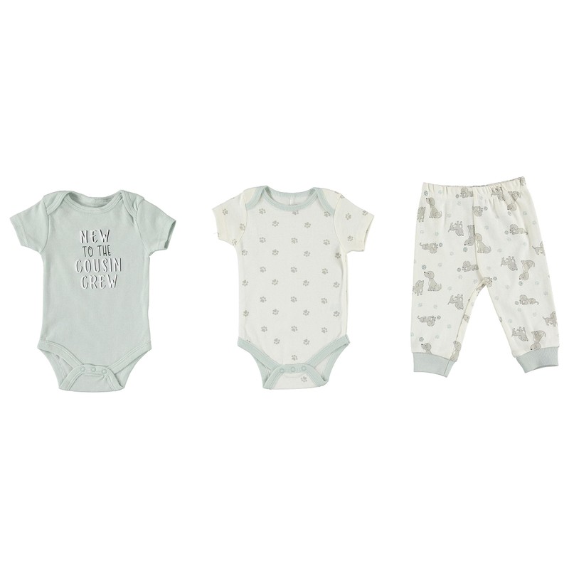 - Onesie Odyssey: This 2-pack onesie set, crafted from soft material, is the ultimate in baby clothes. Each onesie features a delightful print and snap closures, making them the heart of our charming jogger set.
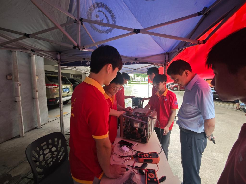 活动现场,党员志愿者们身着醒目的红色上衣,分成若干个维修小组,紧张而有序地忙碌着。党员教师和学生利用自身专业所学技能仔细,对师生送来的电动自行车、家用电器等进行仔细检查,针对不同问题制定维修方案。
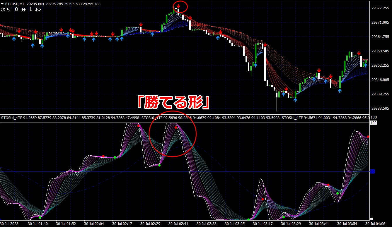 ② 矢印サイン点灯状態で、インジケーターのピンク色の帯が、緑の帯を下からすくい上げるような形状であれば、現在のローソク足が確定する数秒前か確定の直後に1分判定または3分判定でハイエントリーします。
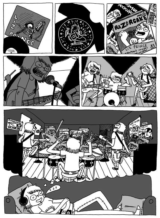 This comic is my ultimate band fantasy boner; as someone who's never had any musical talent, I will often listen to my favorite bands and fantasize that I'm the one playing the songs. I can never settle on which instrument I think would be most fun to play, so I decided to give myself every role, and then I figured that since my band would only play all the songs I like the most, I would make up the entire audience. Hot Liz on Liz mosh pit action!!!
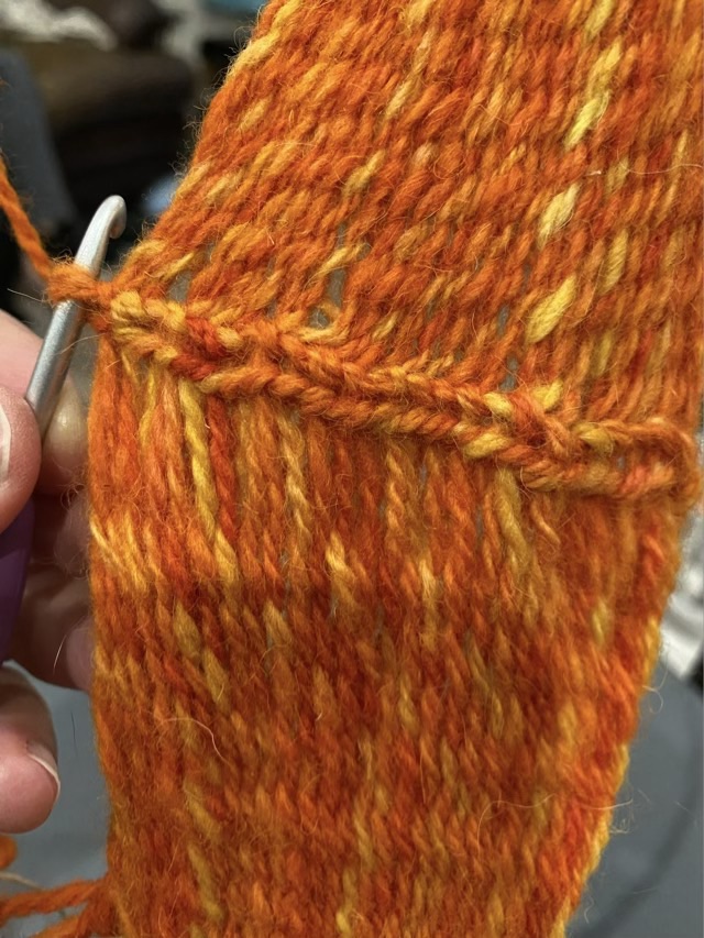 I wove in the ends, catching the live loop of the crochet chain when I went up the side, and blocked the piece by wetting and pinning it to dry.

________________________

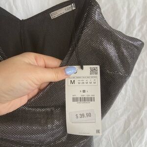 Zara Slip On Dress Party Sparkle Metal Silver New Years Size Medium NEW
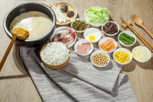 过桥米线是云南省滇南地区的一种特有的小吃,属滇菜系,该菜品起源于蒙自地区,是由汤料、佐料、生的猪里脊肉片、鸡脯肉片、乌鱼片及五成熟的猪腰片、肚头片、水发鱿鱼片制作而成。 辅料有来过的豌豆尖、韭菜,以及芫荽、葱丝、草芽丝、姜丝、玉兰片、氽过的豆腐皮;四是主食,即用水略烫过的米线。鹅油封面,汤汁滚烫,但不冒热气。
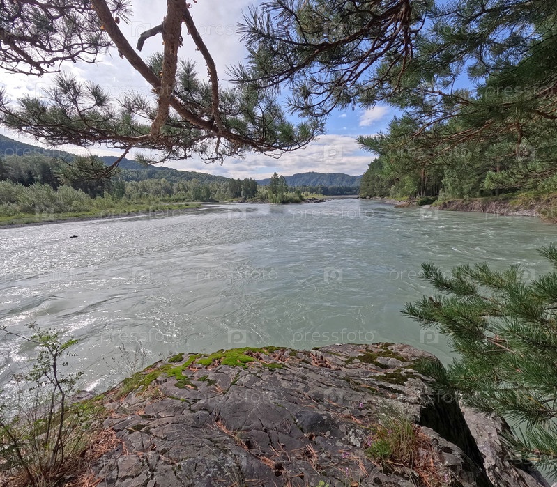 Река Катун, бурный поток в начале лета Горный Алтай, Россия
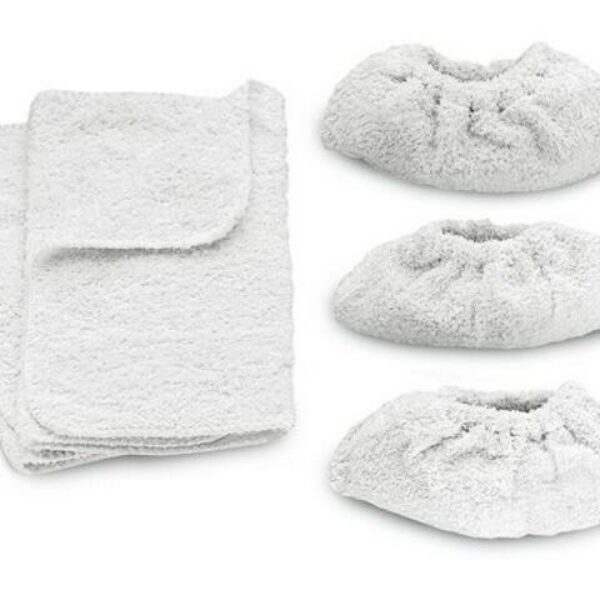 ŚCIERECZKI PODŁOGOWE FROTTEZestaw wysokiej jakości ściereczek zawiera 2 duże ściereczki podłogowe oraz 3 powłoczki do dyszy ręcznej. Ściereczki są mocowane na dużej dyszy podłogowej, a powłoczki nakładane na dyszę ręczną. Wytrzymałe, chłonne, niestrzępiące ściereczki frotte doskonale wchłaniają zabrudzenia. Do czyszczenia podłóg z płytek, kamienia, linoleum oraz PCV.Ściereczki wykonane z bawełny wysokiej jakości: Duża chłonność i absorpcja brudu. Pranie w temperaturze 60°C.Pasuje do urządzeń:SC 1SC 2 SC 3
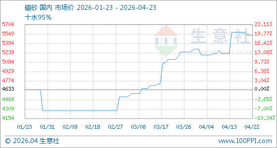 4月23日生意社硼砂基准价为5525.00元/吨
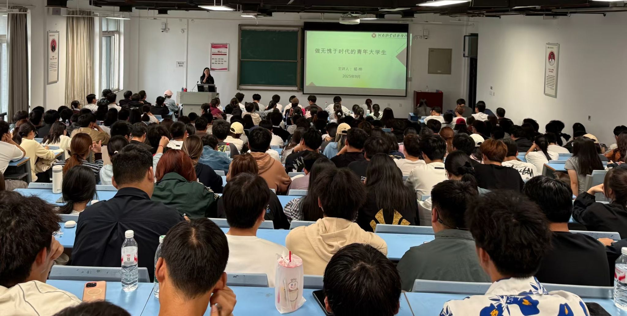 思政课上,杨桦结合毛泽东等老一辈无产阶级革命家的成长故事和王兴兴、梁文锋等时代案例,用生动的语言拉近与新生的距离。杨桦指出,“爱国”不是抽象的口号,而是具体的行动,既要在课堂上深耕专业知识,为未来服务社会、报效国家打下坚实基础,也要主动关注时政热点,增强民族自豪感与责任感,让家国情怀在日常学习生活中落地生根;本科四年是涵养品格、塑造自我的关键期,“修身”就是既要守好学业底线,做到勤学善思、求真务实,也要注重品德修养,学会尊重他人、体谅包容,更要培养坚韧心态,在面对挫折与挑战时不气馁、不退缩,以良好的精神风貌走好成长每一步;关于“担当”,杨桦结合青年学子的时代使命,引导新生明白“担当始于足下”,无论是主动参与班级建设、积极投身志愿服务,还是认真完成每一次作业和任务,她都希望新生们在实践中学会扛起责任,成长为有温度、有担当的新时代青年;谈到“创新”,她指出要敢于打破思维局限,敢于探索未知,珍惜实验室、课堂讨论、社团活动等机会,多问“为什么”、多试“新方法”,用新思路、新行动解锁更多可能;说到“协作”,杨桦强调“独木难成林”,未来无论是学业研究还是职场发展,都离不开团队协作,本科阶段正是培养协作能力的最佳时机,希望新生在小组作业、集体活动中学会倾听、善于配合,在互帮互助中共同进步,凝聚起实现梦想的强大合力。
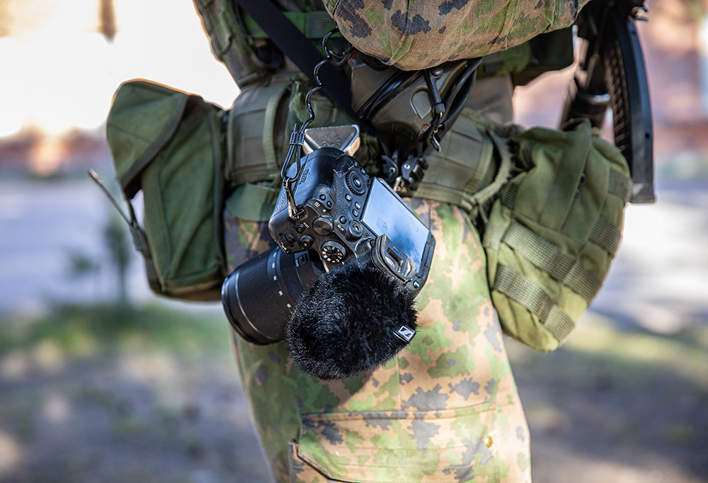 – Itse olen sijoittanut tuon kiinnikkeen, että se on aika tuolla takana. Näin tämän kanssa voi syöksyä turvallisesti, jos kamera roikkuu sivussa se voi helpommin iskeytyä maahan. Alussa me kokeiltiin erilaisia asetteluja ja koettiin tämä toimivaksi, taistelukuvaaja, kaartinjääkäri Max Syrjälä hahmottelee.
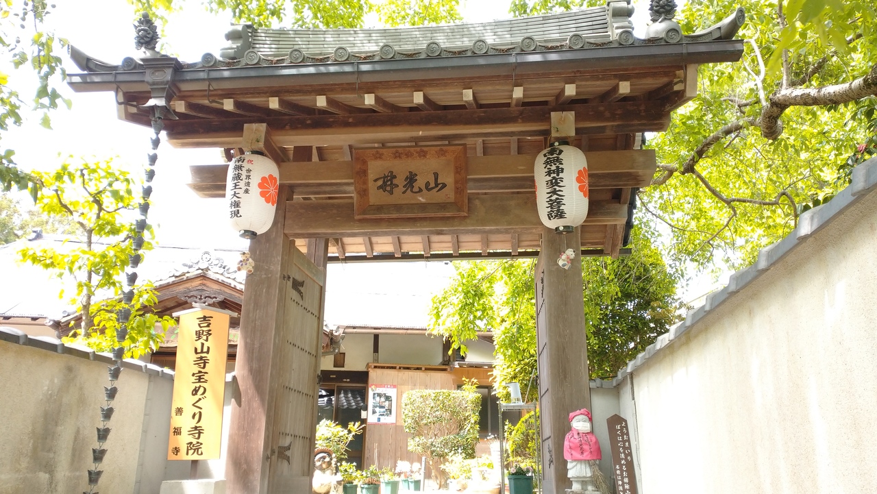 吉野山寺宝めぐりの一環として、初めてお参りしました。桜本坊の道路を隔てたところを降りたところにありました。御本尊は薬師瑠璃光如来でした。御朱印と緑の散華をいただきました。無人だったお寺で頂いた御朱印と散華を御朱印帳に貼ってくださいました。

________________________

■ **WORK INSTRUCTION**: Set down word for word the lines above from the one with "- Onesie Odyssey: This" up to and including the one with "② 矢印サイン点灯状態で、イ". Omit every picture.

■ **EXERCISE RESPONSE**:
 - Onesie Odyssey: This 2-pack onesie set, crafted from soft material, is the ultimate in baby clothes. Each onesie features a delightful print and snap closures, making them the heart of our charming jogger set.
 活动现场,党员志愿者们身着醒目的红色上衣,分成若干个维修小组,紧张而有序地忙碌着。党员教师和学生利用自身专业所学技能仔细,对师生送来的电动自行车、家用电器等进行仔细检查,针对不同问题制定维修方案。
 ② 矢印サイン点灯状態で、インジケーターのピンク色の帯が、緑の帯を下からすくい上げるような形状であれば、現在のローソク足が確定する数秒前か確定の直後に1分判定または3分判定でハイエントリーします。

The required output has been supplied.